Dr. Liang systematically elaborated on Canton Biologics’ technical expertise and practical experience in CHO cell line development, vector optimization, media customization, and process scale‑up from three dimensions: host cells, vector systems, and culture processes.

• Canton Biologics has built a full‑spectrum CHO platform covering multiple host systems such as CHOzen®, CHOFlow®, CHO GSKO, and CHOExpress®, all with complete commercial licensing.

• Expression levels reach up to 10 g/L, with stable passage performance and direct compatibility with serum‑free media.

• The CHOFlow® technology, through knockout of the fucosyltransferase gene, produces antibodies lacking core fucose, enhancing ADCC activity by more than 10‑fold, significantly improving efficacy and clinical value.

This platform provides robust support for the development of various protein molecule types, fully demonstrating Canton Biologics’ technical depth.

02 The Ultimate Solution for Difficult‑to‑Express Proteins

Addressing a well‑recognized industry bottleneck, Dr. Liang highlighted Canton Biologics’ DTEasy platform for difficult‑to‑express proteins:

• By combining molecular engineering, proprietary vectors, host cell optimization, and media optimization, expression levels can be increased by 100%–400%.

• Case examples: a proprietary IgM vector achieved high‑yield, impurity‑free pentamer expression; complex molecules such as viral proteins and fusion proteins reached gram‑level expression.

• Effectively solves challenges such as aggregation, difficult impurity removal, and low yields – making the “difficult” no longer difficult.

In addition, the introduction of automation platforms greatly ensures process stability and controllability, providing a solid guarantee for high‑quality drug development.

03 Dual Drive: Process and Equipment

Dr. Liang also highlighted Canton Biologics’ powerful process development platform:

• The CBoost™ enhanced process platform significantly increases protein yield and purity.

• The orbital‑shaking bioreactor is gentler and more stable than traditional stirred‑tank reactors, reducing shear force and contamination risk, making it particularly suitable for stem cells, CAR‑T cells, and difficult‑to‑express proteins.
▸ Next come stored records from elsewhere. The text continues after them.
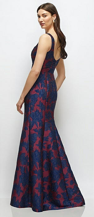 Heritage Floral Jacquard Square Neck Maxi Dress with Trumpet Skirt in burgundy midnight floral
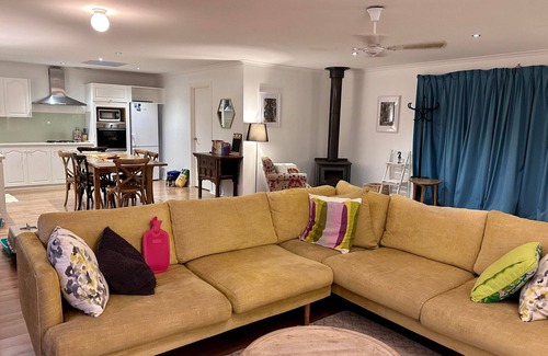 The house features reverse cycle air-conditioning, a wood combustion heater for those chilly nights, fans and double glazed windows to keep the temperature as desired. And if you'd like to do some laundry a washing machine is also available.
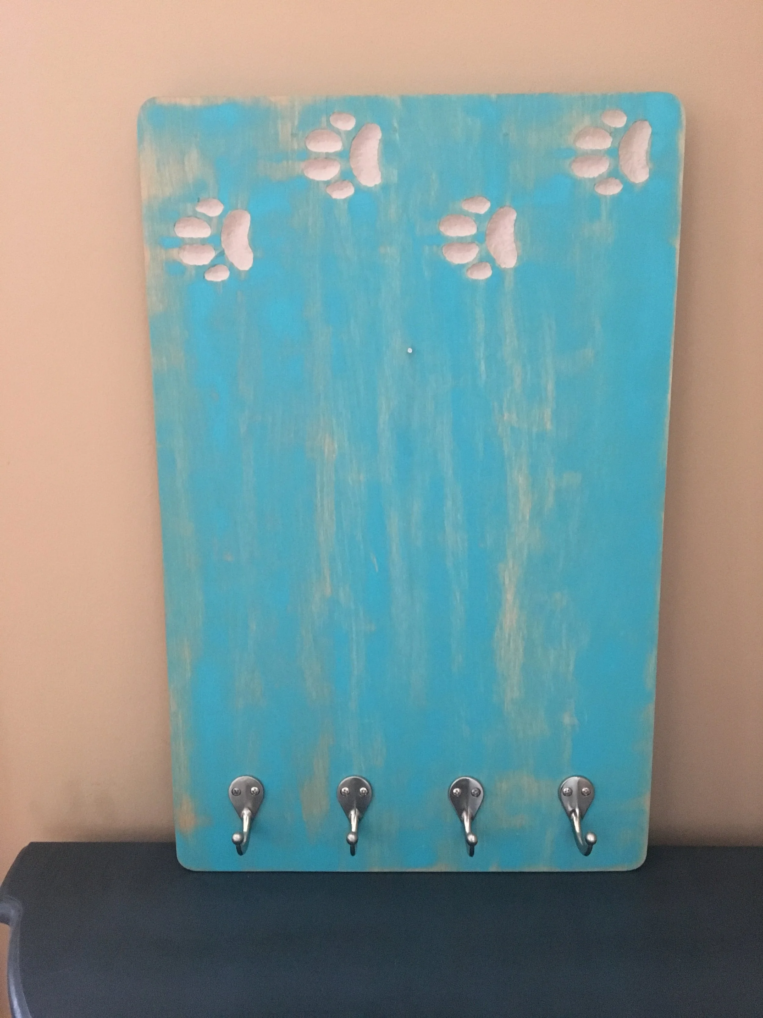 I found what looked like part of a reader’s/writer’s desk in an alley in the Cleveland Park neighborhood of D.C. I disassembled it and used the main piece to make a custom leash hanger at the request of a dog-loving friend. She mentioned that turquoise and gray were common colors in her house, so I chose a turquoise spray paint but partly rubbed and sanded it off to create a more distressed look. I carved the pawprints to match the actual pawprint of her dog. I hand painted the pawprints and the frame gray.
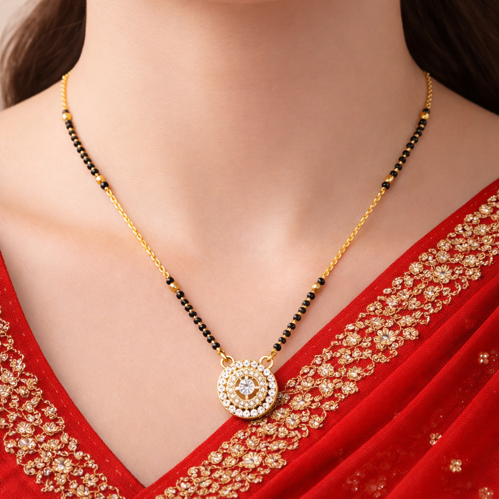 The design features a beautifully detailed round pendant with a layered diamond halo effect. At the center sits a brilliant stone, surrounded by concentric circles of sparkling micro-stones that create a rich, luxurious shine. The traditional black beads along the gold chain enhance its cultural charm, making it perfect for festive occasions, weddings, and celebrations.
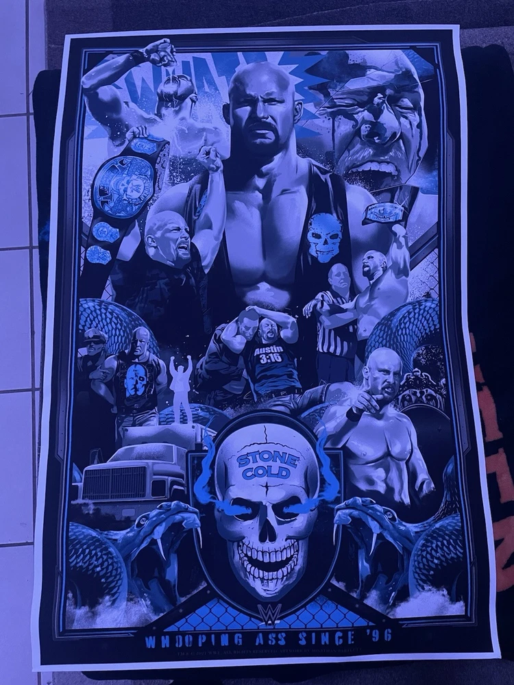 Limited Edition Stone Cold Steve Austin 25th Anniversary 24x36 Art Print Blue By Jonathan Bartlett Only 316 made in blue
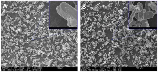 Obviously, the powders morphology is dramatically influenced by their crystalline nature as evident from the SEM micrographs shown in Figure 6 of SDC20R10S, related to both as-precipitated and calcined powders. The orthorhombic Sm-doped cerium hydrated carbonate exhibits a very peculiar morphology, being constituted by elongated bidimensional, hexagonal-like particles. The largest size of those particles is in the range of 10 to 20 μm, whereas the smallest ones are of some μm; the average particles thickness, on the contrary, is of only some hundreds of nanometers (see inset in Figure 6A). As predictable, this peculiar morphology is preserved after the calcination step (see Figure 6B), with the particles of fluorite-type Sm-doped ceria sharing this same shape and therefore severely impairing the powders forming step. In fact, an efficient compaction of particles with such a shape is rather difficult and, consequently, the achieved green density is quite low, thus making a satisfying densification upon sintering hard. Furthermore, and perhaps more importantly, the size of crystallite calculated by the Scherrer formula applied on (111) peak, is around 14 nm, i.e., well lower than the size of particles shown in Figure 6B. Therefore, these particles are indeed aggregates of many and definitely smaller grains so that, very likely, these aggregates will behave as hard agglomerates during sintering, thus totally jeopardizing the pellets full densification.
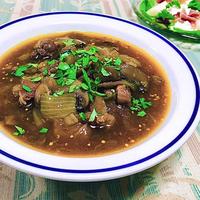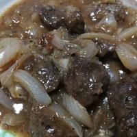 2回目です。トロトロになったお肉と玉ねぎがとっても美味しく、家族からも好評です。今回は牛すじ使用、マッシュルームを2パック追加しました。マスタードを入れなくても充分美味しいので酸味が苦手な人はマスタード抜きでもいいと思います。ホールクローブ4個追加、少量のウスターソースで調整しています。
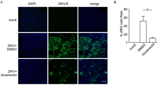 Doramectin prevents cells from ZIKV infection. (A) Immunofluorescence staining for ZIKV-E in ZIKV-infected A549 cells (MOI = 2) under the treatment by DMSO or 2.5 μM doramectin. Cell nuclei were stained with DAPI (blue). ZIKV-E protein was indicated in green (Scale bar, 100 μm). (B) Quantification of the number of ZIKV+ cells relative to mock infection is shown in the histogram. * p < 0.05.
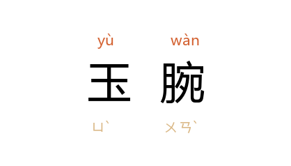 引南朝 宋 刘铄 《白紵曲》:“仙仙徐动何盈盈,玉腕俱凝若云行。”唐 王勃 《采莲曲》:“桂棹兰橈下长浦,罗裙玉腕摇轻櫓。”宋 苏轼 《谢郡人田贺二生献花》诗:“玉腕揎红袖,金罇泻白醅。”清 刘献廷 《数珠》诗:“百人数珠缠玉腕,爱他名唤美人蕉。”
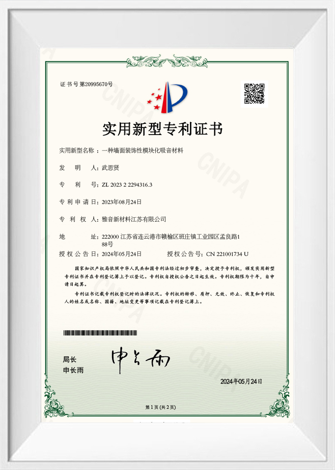 Giấy chứng nhận bằng sáng chế cho vật liệu hấp thụ âm thanh mô-đun để trang trí tường
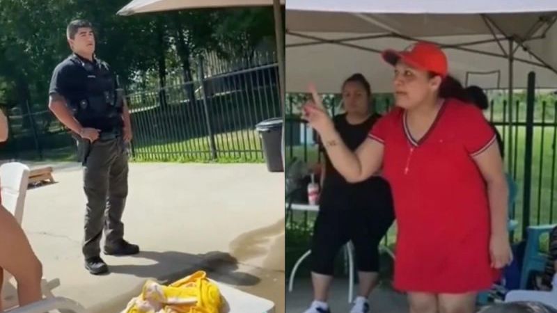 El oficial fue requerido por la encargada del Flex Fitness Center para sacar a las latinas de las instalaciones. El grupo de mujeres estaba disfrutando de un momento de esparcimiento, pero… hubo molestia al momento que este grupo de latinas, entre quienes se encontraban mexicanas, al poner música en español.

These innovations make Canton Biologics’ process development and manufacturing more stable and controllable.

04 Integrated Services and Industry Contribution

As an internationally operating biologics CDMO, Canton Biologics offers end‑to‑end solutions from DNA to IND in just 7–12 months, covering a full chain of scales from 3 L to 2000 L – truly bridging the gap from laboratory to commercialization. To date, Canton Biologics has served over 100 global clients, completed more than 400 projects, and supported over 30 IND filings and more than 10 commercial projects.

In this presentation, Dr. Liang not only showcased Canton Biologics’ technical strength in building a CHO cell expression platform but also demonstrated how the company, as a leading domestic CDMO, leverages technological innovation and professional services to help partners accelerate drug development and bring more high‑quality biologics to market faster, benefiting patients worldwide.

Looking ahead, Canton Biologics will continue to uphold its values of reliability, efficiency, and innovation, working with industry partners to drive breakthroughs in biopharmaceutical process technology and industrial upgrading, so that more innovative therapies can benefit human health as soon as possible.